The Pet Crematory is what saved my compassion in this life. It restored my vision and gratefulness for possessing that gift. Soon I was determined to share my music and art for the sake of love and peace, for the sake of seeking out life and light and being that light for others who fight in the dark like I do everyday.
As some of you know, my time there was not all glamour it came with some pain as well but it was mostly because somethings reminded me of darker times and I still have so much healing to do. So I say goodbye to that job and my heart is hurting deeply. I loved everyone there so much and wish them so much good and beauty and growth.
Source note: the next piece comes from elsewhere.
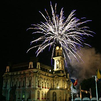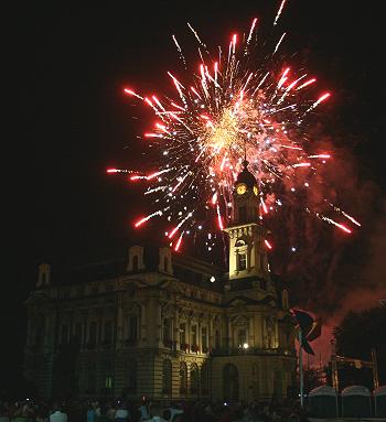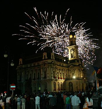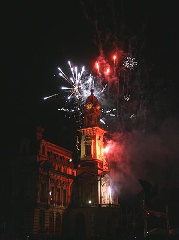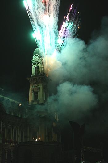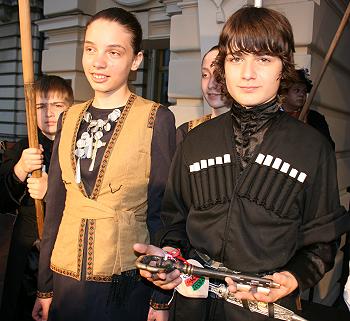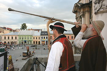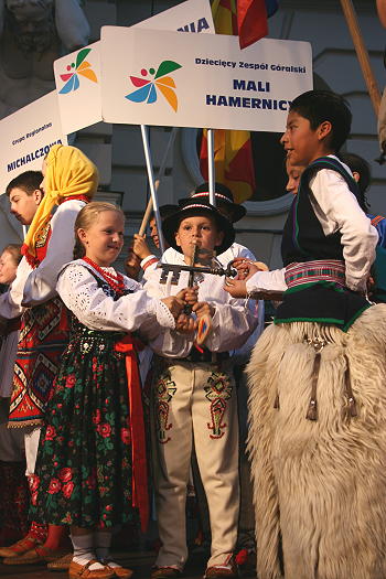 XVI Festiwal Święto Dzieci Gór rozpoczął się od wejścia dziecięcego korowodu na płytę sądeckiego Rynku. Uroczystemu orszakowi przewodził powóz, w którym pod ratusz przybyli organizatorzy imprezy. Z balkonu wieży ratuszowej popłynęły dźwięki wydobywane przez Józefa Brodę z ogromnej bazuny. Zanim rozpoczęto prezentacje poszczególnych zespołów, przybyłych do Rynku gości i mieszkańców miasta przywitał prezydent Ryszard Nowak. W chwilę później w ręce młodych artystów powędrowały symboliczne klucze do bram miasta i odtąd dzieci z różnych zakątków świata przejęły na tydzień władanie Nowym Sączem.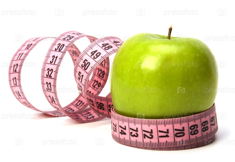 Измерительная лента вокруг яблока, изолированные на белом фоне

I don’t deal well with separation, I don’t deal well with feeling more attached to others than they are to me, so it’s now 05:36 as I am writing this and I miss everyone there so much already. At my new job I will be working from home and I hope that it will be as fulfilling as my time at The Pet Crematory was in all the beauty it brought with it. They really did support me through a very dark time in my life as best as they could and I will cherish my time there forever. On my last day the boss said that their goal is to grow with the people who pass through the company and hope they leave a better person. I feel like my time there helped me get back to the person I was before sever poverty (I know that’s subjective I was never homeless but The Pet Crematory kept me from losing my home, I was only a few steps away from it and it was a crappy home too). Not only did I get back to where I was, I got help in building and gathering what I needed for a new dream for my life, one that is all mine and not riddled with safety nets unlike my music teacher dream. To be honest, I think the path I am on now was always my dream in life after I discovered music, writing and art. I wanted to use them to help people in need.
Everyday I had to honor to say to a person in need “I know how you feel” I had the honor to validate their pain and hopefully be a part on their journey to healing. My whole team was a part of that and I will miss being surrounded by people with huge hearts like mine. For once in my life I think I felt known. I am the crazy bunny girl, the creative girl with a huge amount of compassion and for a long time I was ashamed of that compassion. Today I am happy with myself and who I am. Thanks for your time reading this long, long story. I hope to share more of my journey with you all. I wish you all love and peace and for those of you who have the blessed skills of creation I hope you never give up in bettering that skill no matter where you are in that walk. Growth takes time. I hope to have more courage to share my creations with all of you. Because of The Pet Crematory I have a working space to make my vlogs, blogs, music and art again. I have been so scared but I hope to have the strength to keep being a light in the dark.